A few things to expect on the physical object:

  • Layer lines are visible. FDM 3D printing builds the part in 0.2 mm horizontal slices. Hold the part in raking light and you'll see horizontal banding. It's a feature of the process, not a defect. See the tolerance guide for the engineering reason this exists.
  • The colour is true-to-spool, not true-to-screen. Filament colours look slightly different from screen rendering — usually more matte and slightly less saturated. We pick spools from suppliers that have decent colour consistency, but a "translucent blue" is still going to look more like real plastic than a Photoshop swatch.
  • The fit is good, not metric-perfect. If you bought something that mates with another object (a phone stand, a coaster, a cable organiser), it will work — but the dimensions are the model's, not micrometre-checked. If the fit fails, email us.
  • Light maintenance keeps it good. PLA softens above 55 °C — keep prints out of cars on sunny afternoons. PETG and TPU are tougher; assume the catalog item is PLA unless the product page says otherwise.

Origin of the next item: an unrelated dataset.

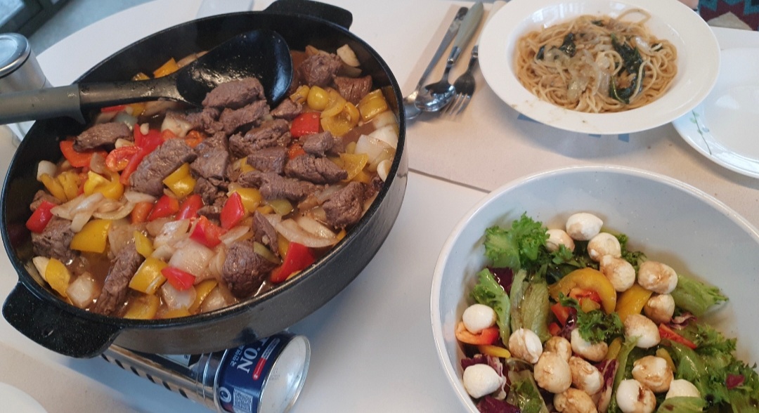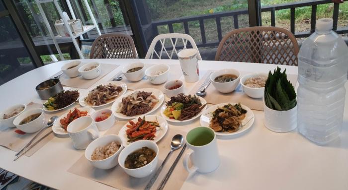 반찬 몇 가지 가져 갔는데 굳이 둘이 하겠다고 주방에 오지 말라며 차린 아침 밥상.

Custom-quote requests (different flow)

Catalog buying is the fastest path. If you want something that isn't in the catalog, the /custom flow is the right starting point. Send a brief description (or a sketch, or an STL file), and we'll reply within one working day with a quote, a lead time, and a recommendation on material and orientation.

Custom-quote orders have one specific difference from catalog orders: once printing starts, custom prints are non-refundable. We always confirm the quote and material with you before we start, so this is a "no surprises" policy — the line is drawn at when filament hits the bed. Full terms live at /terms.

If you're unsure whether your project fits FDM (maybe it needs higher tolerance, maybe it needs to be food-safe, maybe it's structural), the intake form is the place to ask. We'd rather tell you we're wrong for the job than disappoint you on delivery.